- WORK REQUIRED -
Please take the records that follow and repeat exactly the lines starting with the line with "10.10今天也是开了好多好进的小众公司秋招" and going on through the line with "IFOS 5-STAR CERTIFIED: Sourced".

- DATA FOR ANALYSIS -
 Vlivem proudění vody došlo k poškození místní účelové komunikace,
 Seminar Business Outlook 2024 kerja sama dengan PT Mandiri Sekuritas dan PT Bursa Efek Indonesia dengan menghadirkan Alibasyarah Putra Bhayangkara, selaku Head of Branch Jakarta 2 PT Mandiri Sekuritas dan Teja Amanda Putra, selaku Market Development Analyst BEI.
--
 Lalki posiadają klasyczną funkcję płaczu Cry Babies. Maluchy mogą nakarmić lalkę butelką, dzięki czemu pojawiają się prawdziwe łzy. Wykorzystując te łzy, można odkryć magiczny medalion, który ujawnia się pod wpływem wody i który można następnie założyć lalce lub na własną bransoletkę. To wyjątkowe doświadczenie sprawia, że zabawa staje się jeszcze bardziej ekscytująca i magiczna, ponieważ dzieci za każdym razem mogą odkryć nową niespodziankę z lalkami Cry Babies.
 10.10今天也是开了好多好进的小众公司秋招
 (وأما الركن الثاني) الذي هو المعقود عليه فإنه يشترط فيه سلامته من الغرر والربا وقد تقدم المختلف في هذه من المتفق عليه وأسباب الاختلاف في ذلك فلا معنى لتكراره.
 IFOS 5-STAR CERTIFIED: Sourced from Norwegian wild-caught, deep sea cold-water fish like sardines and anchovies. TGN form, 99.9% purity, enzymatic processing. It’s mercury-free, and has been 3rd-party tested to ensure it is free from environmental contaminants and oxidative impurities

- RESULT FOR THIS EXERCISE -
 10.10今天也是开了好多好进的小众公司秋招
 (وأما الركن الثاني) الذي هو المعقود عليه فإنه يشترط فيه سلامته من الغرر والربا وقد تقدم المختلف في هذه من المتفق عليه وأسباب الاختلاف في ذلك فلا معنى لتكراره.
 IFOS 5-STAR CERTIFIED: Sourced from Norwegian wild-caught, deep sea cold-water fish like sardines and anchovies. TGN form, 99.9% purity, enzymatic processing. It’s mercury-free, and has been 3rd-party tested to ensure it is free from environmental contaminants and oxidative impurities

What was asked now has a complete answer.